For the first time since Hwang Woo-Suk's cloned stem cells were revealed as fakes, human cloning — for medical purposes, or even for reproduction — appears to be a realistic possibility.
"We show for the first time that the same genes turned on in normal human embryos are the same genes turned on in human clones," said Robert Lanza, scientific director of Advanced Cell Technologies and co-author of a study published Monday in Cloning and Stem Cells.
Lanza's team inserted human cell nuclei into hollowed-out egg cells from both humans and animals, then stimulated them into development, a process called somatic cell nuclear transfer (SCNT), or more informally, cloning. When compared to a normal human embryo produced through in vitro fertilization, the animal-human hybrids didn't develop normally, but the human-human cloned embryos displayed many of the genetic characteristics of healthy development.
The research is the first step toward therapeutic cloning — making embryonic stem cells from a patient's own DNA capable of replacing diseased tissue, failing organs and even lost limbs. And, theoretically, the same technique could be used to produce a cloned person.
In 2001, Lanza's team claimed to have made cloned human embryos, stoking public hopes that cloning would soon produce thousands of embryonic stem cell lines — one for every common genetic group, capable of replacing diseased tissue, failing organs and lost limbs. It wasn't clear, however, whether those embryos were actually healthy, and their DNA was never analyzed.
Four years later, researchers led by the now-infamous Woo Suk Hwang claimed to have actually harvested embryonic stem cells from cloned embryos. The findings again raised public hopes, only to be revealed as fraudulent. Hwang now works for a controversial dog cloning company, and embryonic stem cells taken from a human clone remains hypothetical.
However, even if the scientific challenges of so-called therapeutic cloning are overcome, ethical problems remain. Harvesting human eggs requires women to take ovulation-inducing hormones, a process that is arguably dangerous and inarguably arduous. As a result, egg supplies are limited and expensive. Some scientists hoped to solve this by substituting animal eggs for human.
Research on these hybrid embryos — as well as chimeric embryos, formed by mixing actual human and animal DNA — was approved last year in the United Kingdom. But that approval came after bitter public debate in which opponents raised the specter of sentient human-animal hybrids being used as biological parts factories.
The latest findings suggest that hybrids are incapable of growing to a medically useful stage, much less sentience. But both cloning and induced pluripotency — a recently-developed procedure in which adult cells are transformed into an embryo-like state — should work.
"Science has a way to go with both of these, but we will soon have a way to create a bank of stem cells to expand the range of stem cell therapies," said Lanza.
His team compared the gene expression of a human embryo produced through in vitro fertilization with clones that incorporated human, cow, rabbit and mouse eggs. Several thousand genes were active in the fully human clones, but almost completely silent in their counterparts, which stopped developing after several days.

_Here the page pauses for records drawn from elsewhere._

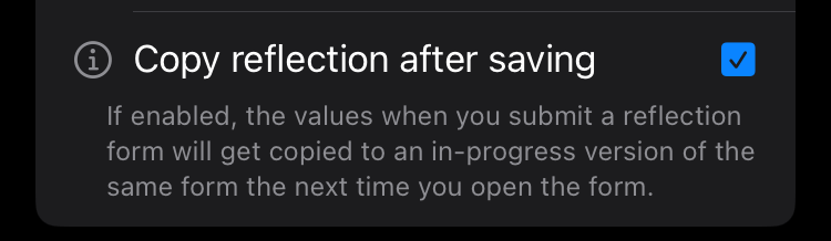 Sometimes you may want to record multiple instances of a Reflection back-to-back without having to navigate to the Reflection Form each time. Toggling this option on will allow the Reflection Form to remain on your screen once you save your metrics’ recordings.
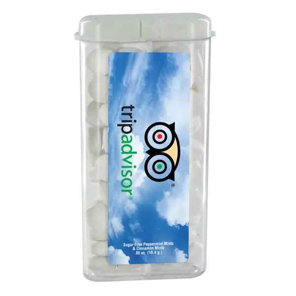 Sugar-free, gluten-free mints at a conference = something nobody ever turns down. And with your logo all over the box, that's guaranteed brand awareness with every "Oh, yes please!" you receive. The top of the handy dual dispenser flips up satisfyingly, so you'll get an encouraging 'click' with every new lead you make. Don't you want to flip the script of the giveaway game with this box of mints—fresher than anything else being handed out at your next promo event or conference. Complies with Prop 65. 1.75" W x 3" H
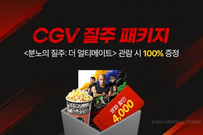 질주 패키지는 고소팝콘(중) 무료 쿠폰 1매와 2D 영화 4000원 할인 쿠폰 1매로 구성된 상품이다. CGV는 오는 25일까지 분노의 질주를 관람하고 CJ ONE 포인트를 적립한 고객 모두에게 질주 패키지 일괄 지급한다. 해당 패키지는 6월 한 달간 사용할 수 있다.
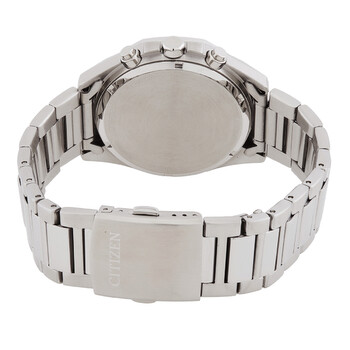 Silver-tone stainless steel case and bracelet. Fixed silver-tone stainless steel bezel. Blue dial with silver-tone hands and index hour markers. Minute markers around the outer rim. Dial Type: Analog. Date display between 4 and 5 o'clock position. Chronograph - three sub-dials displaying: 60 second, 60 minute and 24 hour. Citizen Caliber Eco-Drive B620 eco-drive movement. Scratch resistant mineral crystal. Solid case back. Octogonal case shape, case size: 41 mm. Band width: 22 mm. Fold over clasp with a safety release. Water resistant at 100 meters / 330 feet. Functions: chronograph, date, hour, minute, second, solar-powered. Sport watch style. Watch label: Japan Movt. Citizen Eco-Drive Chronograph Blue Dial Men's Watch CA4590-81L.
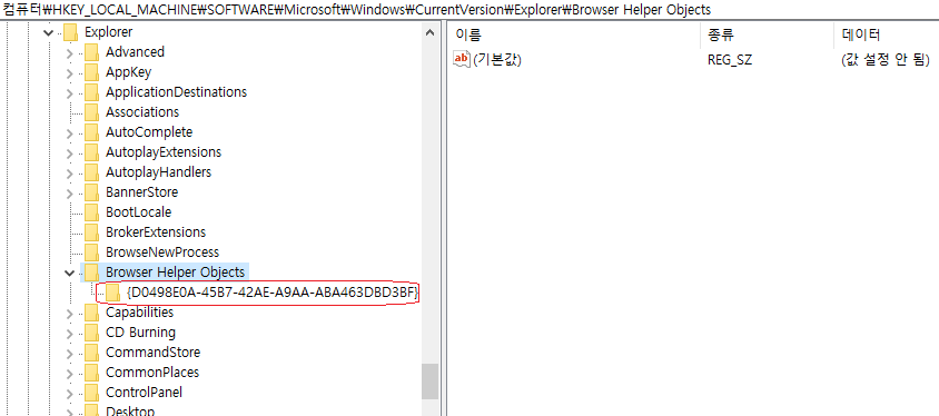 검색해보니 Browser Helper Objects 폴더가 없으면 만드는 방법도 있던데
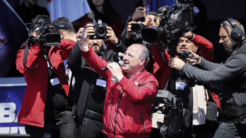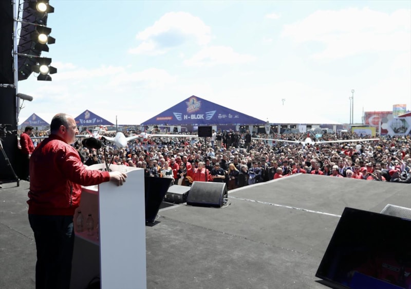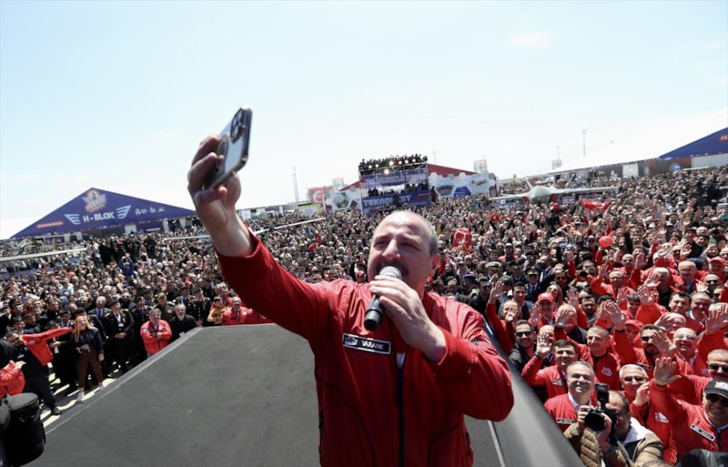 Bir cumhurbaşkanı adayı Atatürk Havalimanı'nın ABD'li şirketlere peşkeş çekeceğini ilan etti. Burayı ABD'li şirketlerin uzay ve havacılık merkezi yapacaklarmış. Burada dünyanın en büyük havacılık festivali yapılıyor, İngiliz, Alman, Fransız değil Türk gençleri yarışıyor. Bu beyefendi sizi görmüyor ve duymuyor. Sizi görmeyenlere biz buradan selam yollayalım. Biz buradan Türkiye'nin en büyük selfilerinden birini çekip yayınlayalım mı? Biz Allah'ın izniyle yerli ve milli kabiliyetlerimizin başka ülkelere peşkeş çekilmesine asla müsaade etmeyeceğiz. Baykar'a dokunacağız diyenlere karşı Selçuk Bayraktar'ın yanında durmaya var mısınız? Onun yanında sürekli duracağınıza söz veriyor musunuz?
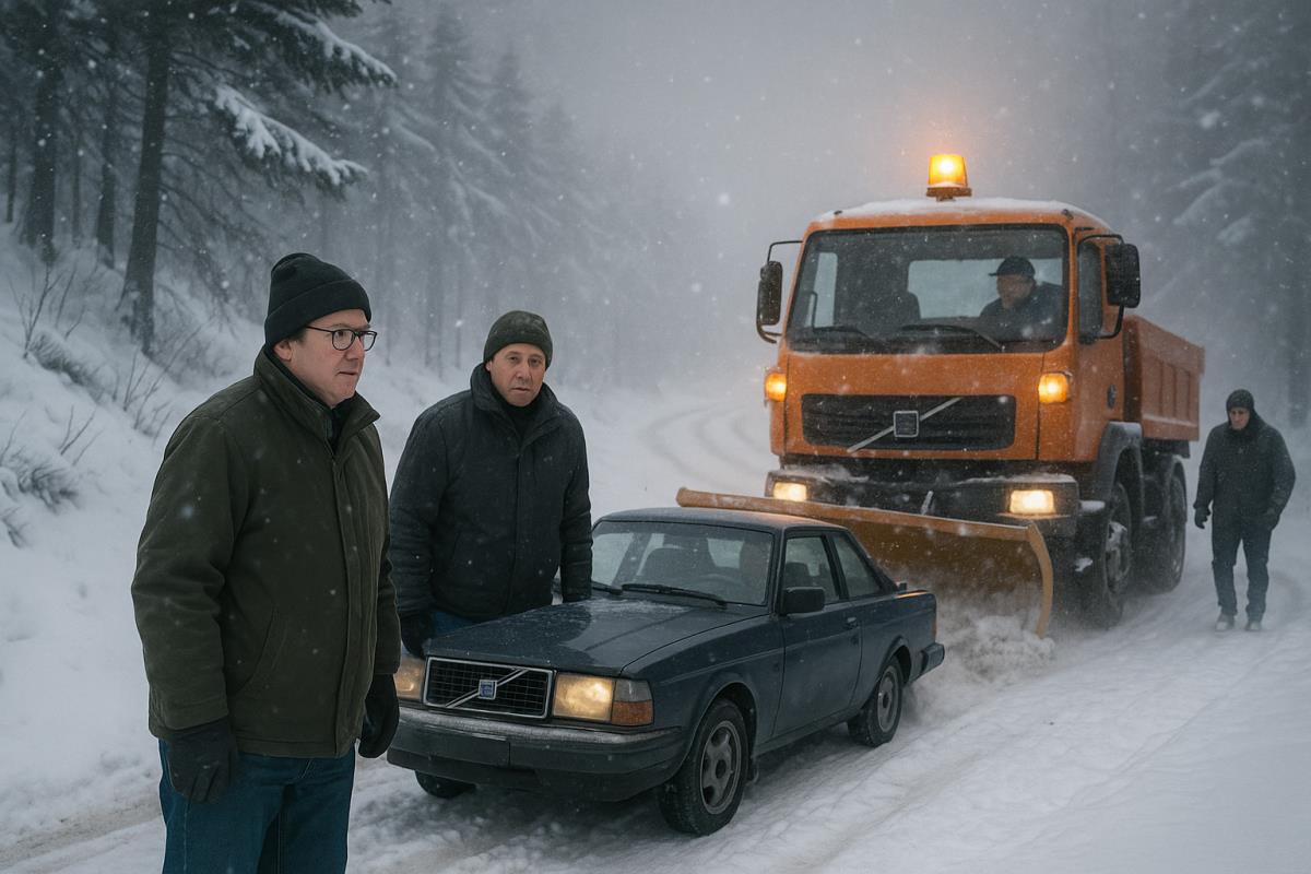 Lopulta tuli vastaan ylämäki, johon rengaskomboni ei enää purrut, vaan auto jäi mäkeen kiinni. Tuijotin tyhjyyteen tajuttuani, että mitään ei ollut tehtävissä. Kuin ihmeenä ylämäen päälle tuli aura-auto. Nousin ulos autosta. Niin nousi myös auro-autonkuljettaja, jotka minulle ensimmäisinä sanoina huusi, että minun pitäisi siirtää auto pois edestä. Vastasin, että auto on jumissa enkä saa sitä liikkeelle, ja pyysin häneltä apua. Tämä ei aura-autonkuljettajaa tuntunut kiinnostavan ja jäimme vain tuijottamaan toisiamme.
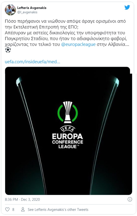 H UEFA ανακοίνωσε ότι η νεοσύστατη τρίτη τη τάξει διασυλλογική διοργάνωσή της, Europa Conference League, ξεκινά στις 8 Ιουλίου 2021 και ο τελικός θα διεξαχθεί - η Ελλάδα είχε αποσύρει το φάκελο που κατέθεσε για το Παγκρήτιο - στα Τίρανα.

Among these were the genetic targets stimulated during induced pluripotency, in which adult cells are returned to an embryo-like state. Their silence suggests that animal eggs will not be useful in making clones capable of generating embryonic stem cells, much less growing to adulthood.
"You can never say never," said Lanza, "but we've been at this a very long time, and despite literally thousands of these attempts, we've never seen one of these hybrids advance further than what we're reporting here. And though negative results don't often get reported, I know for a fact that other experts have had the same results."

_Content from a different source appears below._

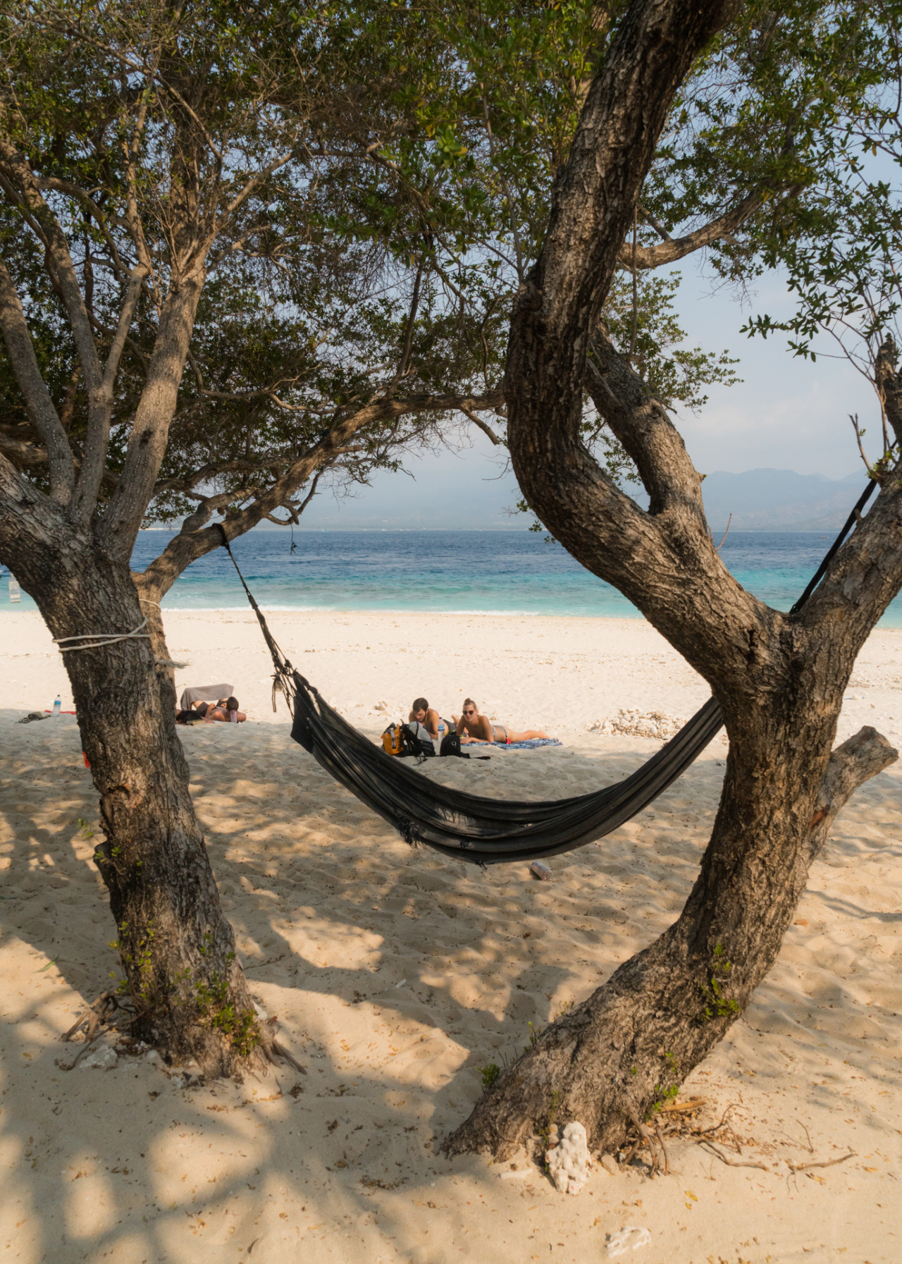 am hafen, beim warten aufs boot, trafen wir 2 deutsche studenten, joscha und lisa. gemeinsam suchten wir auf gili meno gute 2h nach einer guten und günstigen unterkunft. die beiden einigten sich auf ein (mehr oder weniger) beachfront coconut hut, wir ließen uns von einem sehr schönen, neuen bungalow in der hinteren reihe überzeugen. wie ich später herausfand, ist joscha vor ein paar jahren tom in perth begegnet, und hat mit ihm einige tage verbracht. die welt der rucksacktouristen ist klein!

But the fully human cloned embryos could produce stem cells and, if permitted, perhaps grow into a person.
"The DNA resembles the DNA of a normal human embryo, which raises the question of human reproductive cloning," said Lanza.
However, New York Medical College cell biologist Stuart Newman disagreed with Lanza's assessment. Though the paper "shows that interspecies SCNT is a bust," he said, there are still "substantial differences" between fully-human cloned and IVF embryos.
But even if Lanza's embryos cannot develop, other scientists may come up with a more effective process. And though reproductive cloning has not yet been attempted, some experts say it's inevitable.
The procedure is illegal in the United States, but a global ban proposed in the United Nations fell apart after the U.S. insisted that therapeutic cloning be banned as well.
"Virtually every country agreed, but President Bush held it hostage," said Lanza.
President Barack Obama has promised to overturn President Bush's moratorium on federal funding of most embryonic stem cell research. Lanza hopes he will abandon Bush's position at the U.N. as well.
"Reproductive cloning is unsafe and unethical," he said. "This raises the urgency that those laws need to be passed."